While retail investors seem to get excited about offtake agreements with Stellantis, Renault, LG, Umicore and VW, most fund managers I talk to point out the ‘execution risk’ associated with drilling 3-5km into the earth’s crust to extract a fluid under pressure.
I find this difficult to understand given the same fund managers have no issue investing in an onshore oil and gas field like the Cooper Basin (Australia, over 3km deep where ASX: STO, ASX: BPT and ASX: COE operate) or the Permian Basin (US, up to 8km deep where NYSE: CVX, NYSE: XOM and just about every other O&G major operates). In fact, the Upper Rhine Valley has been producing oil, gas and geothermal energy since 1980, with over 1000 oil and gas wells and 24 deep geothermal wells drilled. Vulcan itself already has wells producing renewable energy.
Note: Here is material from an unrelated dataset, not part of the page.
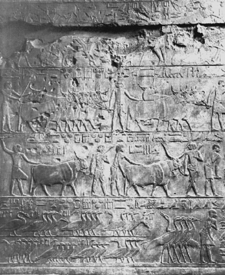 В 1865 году Мариетт открыл гробницу сановника Ти, который был крупным землевладельцем и, как гласят тексты, «начальником всех царских работ, руководителем строительства пирамид и охранителем вечных мест». Эта самая красивая и лучше всех сохранившаяся из саккарских гробниц была построена около 2600 года до н. э. – в те времена, когда цари Хеопс, Хефрен и Микерин сооружали свои пирамиды. Стены гробницы покрывали великолепные многоцветные рельефы, своим тончайшим рисунком производившие впечатление настенной живописи. Они изображали и самого сановника Ти, фигура которого всегда втрое, а то и вчетверо крупнее, чем фигуры людей более низкого звания, и картины повседневной жизни той эпохи: ремесленников, писарей, рисовальщиков, земледельцев, охоту на бегемотов, рыбную ловлю, забой домашнего скота и выделку кож, сбор податей и наказание недоимщиков, – короче говоря, всю панораму повседневной жизни Древнего Египта. Эти изображения настолько реалистичны, что позволили установить, какими орудиями и инструментами пользовались тогдашние земледельцы и ремесленники, какие приемы они применяли. Ни одно из ранее открытых захоронений не давало такого реального представления о жизни древних египтян, как эта гробница.

Vulcan’s project is far more akin to an onshore oil and gas project than a spodumene mine in WA or a salt flat in Argentina. Financing the $1.9bn capex bill (another common fund manager concern) seems to also be more like the oil and gas industry, with German specialty chemicals company Nobian (subject to final terms) farming in on the upstream lithium hydroxide plant.
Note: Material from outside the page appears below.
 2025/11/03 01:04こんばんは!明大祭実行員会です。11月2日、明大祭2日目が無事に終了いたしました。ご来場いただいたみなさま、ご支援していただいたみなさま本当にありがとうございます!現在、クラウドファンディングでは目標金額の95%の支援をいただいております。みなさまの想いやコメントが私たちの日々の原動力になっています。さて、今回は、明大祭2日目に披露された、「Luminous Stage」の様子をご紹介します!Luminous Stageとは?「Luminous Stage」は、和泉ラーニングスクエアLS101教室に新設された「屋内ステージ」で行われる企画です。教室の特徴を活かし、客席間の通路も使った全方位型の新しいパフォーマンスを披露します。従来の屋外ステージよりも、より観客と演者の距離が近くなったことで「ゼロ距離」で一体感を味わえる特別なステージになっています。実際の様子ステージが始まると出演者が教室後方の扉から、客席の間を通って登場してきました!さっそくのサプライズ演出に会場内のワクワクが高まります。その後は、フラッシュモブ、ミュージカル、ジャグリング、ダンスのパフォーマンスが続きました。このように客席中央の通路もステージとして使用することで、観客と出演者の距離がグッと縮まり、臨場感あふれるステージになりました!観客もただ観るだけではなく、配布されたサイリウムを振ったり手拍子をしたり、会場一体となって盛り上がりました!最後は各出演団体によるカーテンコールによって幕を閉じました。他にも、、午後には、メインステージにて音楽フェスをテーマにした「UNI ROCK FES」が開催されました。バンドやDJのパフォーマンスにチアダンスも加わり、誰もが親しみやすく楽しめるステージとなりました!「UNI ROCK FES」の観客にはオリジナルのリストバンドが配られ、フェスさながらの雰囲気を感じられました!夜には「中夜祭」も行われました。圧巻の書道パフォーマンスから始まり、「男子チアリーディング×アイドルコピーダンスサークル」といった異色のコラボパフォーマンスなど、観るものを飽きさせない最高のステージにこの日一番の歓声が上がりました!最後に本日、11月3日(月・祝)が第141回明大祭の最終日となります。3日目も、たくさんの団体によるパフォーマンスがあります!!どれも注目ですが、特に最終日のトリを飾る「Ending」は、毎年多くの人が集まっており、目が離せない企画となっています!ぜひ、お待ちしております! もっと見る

With a lot of recent interest from oil and gas majors looking to move in on the new energy sector, we think it’s likely that Vulcan does a similar farm-in deal on the downstream brine extraction and geothermal plant in the near future.
Additional funding support in the form of environmental grants (similar to those seen in the US, with the ‘inflation reduction act’), green bonds and/or bank debt are also reasonable expectations given the company’s environmental credentials and long-term engagement with relevant agencies – I’m not sure the highly dilutive cap raise the market seems to be pricing ever eventuates.
(Thanks to Ben Richards for his assistance with the background research for this article.)